Crisis: es la hora de la inversión

La situación económica de la Unión Europea es delicada. Vamos conociendo datos desagregados: recesión técnica en Alemania, con caídas del PIB en tasas negativas los dos últimos trimestres; dificultades en Francia e Italia; e incertidumbre en Gran Bretaña. La inflación, bajo mínimos, signo claro de que la demanda no está tirando del consumo y de la inversión. Mario Draghi lo ha entendido y ha puesto en marcha nuevas medidas de choque, de forma que está actuando como se espera de un Banco Central: su capacidad para inyectar dinero, plasma balsámico, a las venas de la economía, comprando deuda y colocando los tipos de interés a niveles negativos. Desestimulando, en suma, la custodia de pasivos de otros bancos, para que drenen su capacidad crediticia innegable hacia los mercados. Bien por Mario.

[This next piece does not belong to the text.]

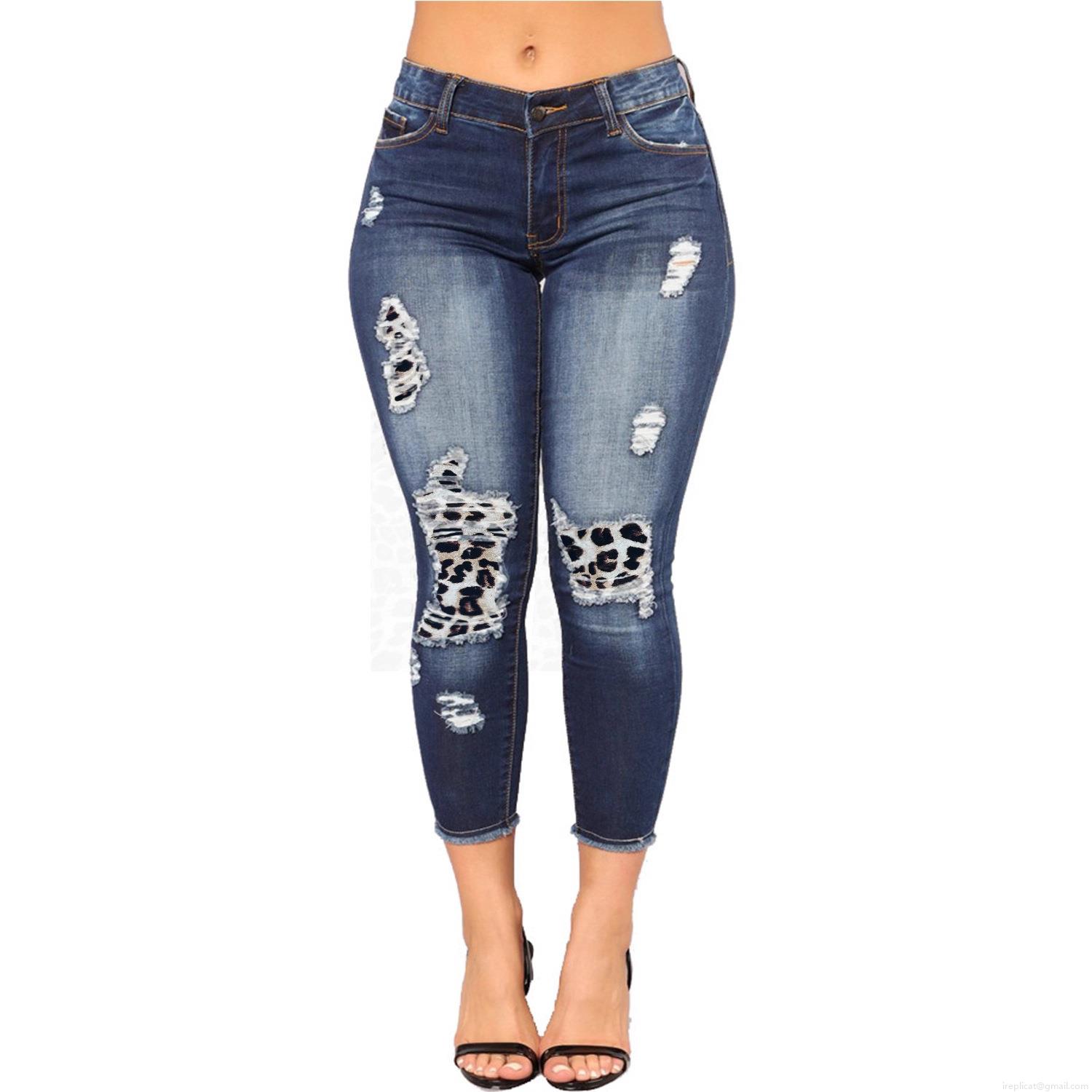 • Women's High Waisted Skinny Ripped Jeans Cotton Blend Distressed Denim Cropped Pants With Leopard Print Patchwork Streetwear Slim Fit Jeggings

Pero eso no basta, tal y como venimos diciendo desde hace años. Urgen políticas fiscales, de estímulo más directo, y deben ser generosas: un retorno a un keynesianismo siempre denostado, pero al que se recurre cuando los bastos que se pintan son cada vez más duros. Los gobiernos deberían establecer políticas de inversión –aunque ello infiera incrementos en la deuda, ese va a ser después un problema que debiera abordarse– para complementar las acciones en política monetaria. Importantes economistas liberales –Blanchard, Summers, Krugman, DeLong, entre otras primeras figuras–, junto a nombres tan poco sospechosos como Christine Lagarde, abogan de forma clara por activar las palancas públicas de la inversión, desde los gobiernos. Sólo la ortodoxia ordocapitalista se opone a estos planes, y parece insistir en austericidios, una vía de desastre total. Vean datos agregados: inflación muy por debajo del 2%, crecimiento económico que a duras penas llega al 1,5% en la Eurozona y reducción limitada de la tasa de paro. La radiografía de un fracaso.

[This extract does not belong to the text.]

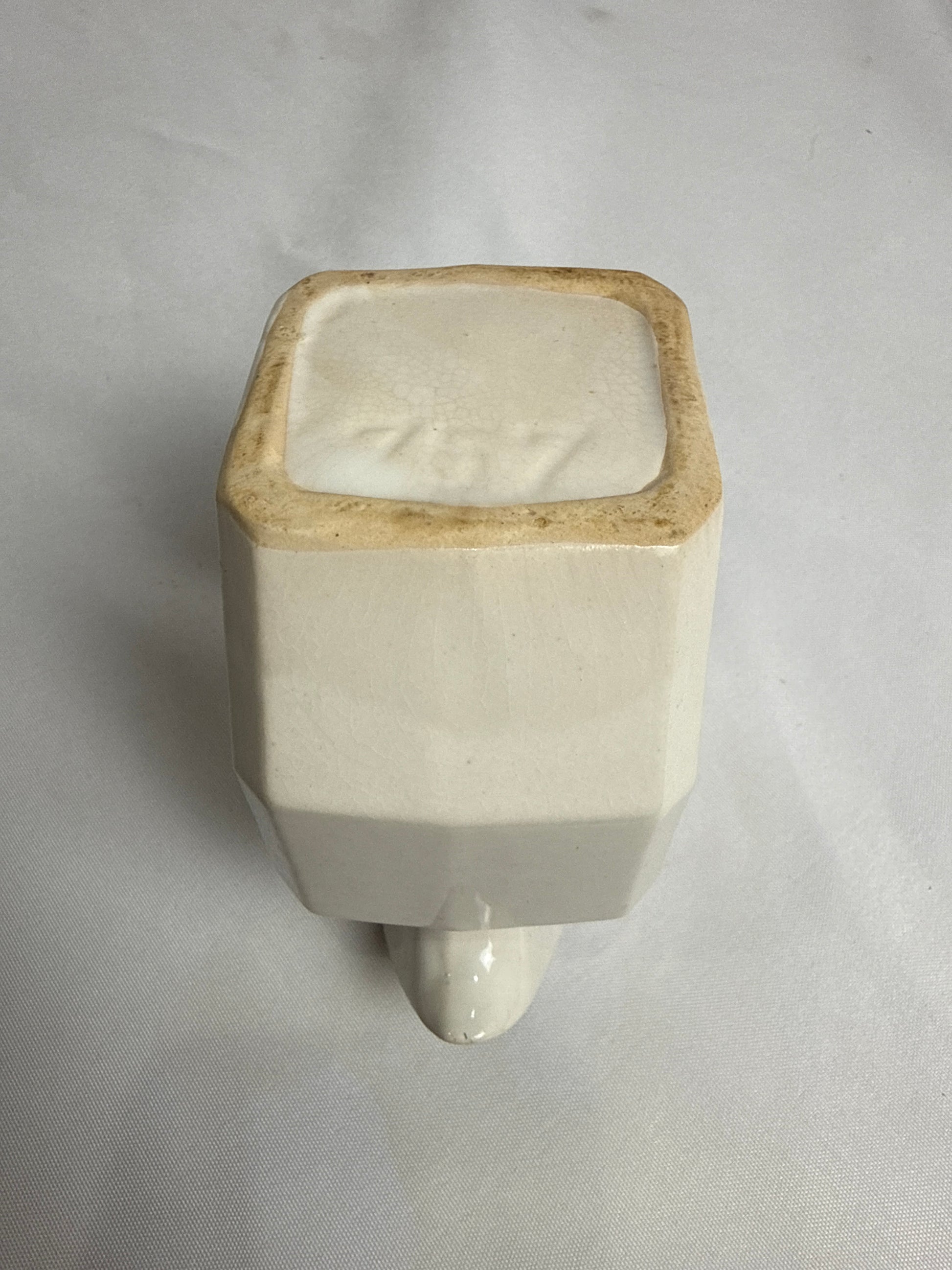 An antique white ironstone pitcher with a distinctive geometric paneled design, including octagonal relief patterns on the body and an angular handle. The piece is mold-marked “757” on the underside, indicating the pattern/shape. Likely produced in the late 19th or early 20th century by an American or English pottery manufacturer for kitchen or table use. Displays typical age-related crazing in the glaze.

Es la hora de los gobiernos, también del de España, que debería articularse ya para aportar seguridad institucional. Es la hora, en definitiva, de la Política. Y ésta debe traducirse en programas incluso agresivos de inversiones públicas, canalizadas esencialmente hacia aquellas actividades e infraestructuras que corrijan los efectos del cambio climático (uno de los grandes retos presentes) y que, a su vez, estimulen asignaciones de recursos a los mundos educativo y productivo para acarar la quinta gran revolución tecnológica en la que estamos insertos (que se reconoce también como industria4.0).

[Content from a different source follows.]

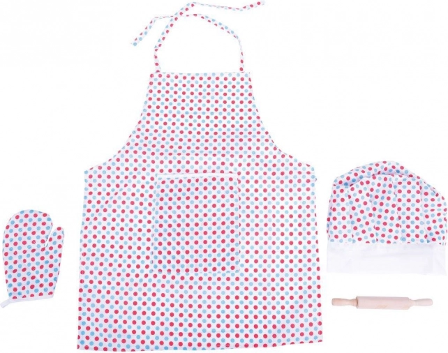 Dopřejte malým kuchařům vše, co potřebují k prvnímu pečení i zábavné hře na vaření. Lehká textilní zástěra s puntíky chrání oblečení, kuchařská čepice se díky suchému zipu snadno přizpůsobí a dřevěný váleček s kovovými vykrajovátky podnítí kreativitu a radost z tvoření.
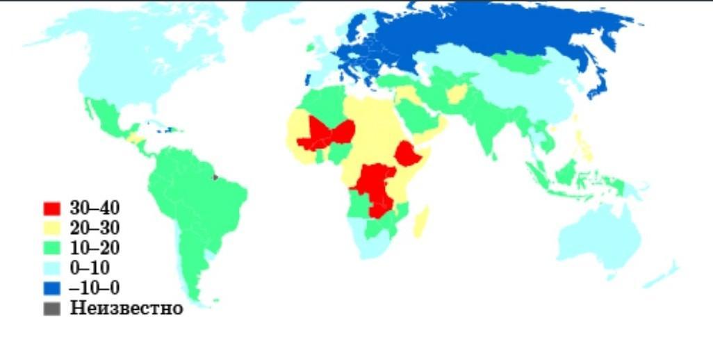 3 Страны Африки имеют самые высокие темпы естественного прироста.Верно.Естественный прирост здесь составляет 20-30 ‰.

Para alcanzar esto, deben producirse cambios esenciales. El primero, el más importante, es eliminar las partidas de inversión en los cómputos de los déficits públicos. En un reciente trabajo, Olivier Blanchard y Daniel Leigh, han demostrado que el efecto multiplicador de un euro de inversión pública sobre el mercado llega hasta más de dos euros de retorno. Y en una contribución de J. Bradford DeLong y Lawrence H. Summers se defiende la expansión fiscal para capacitar la financiación de la deuda y, a su vez, reducir el déficit: es el incremento transitorio del gasto público para recuperar la economía, ante el agotamiento de las herramientas tradicionales en la política monetaria.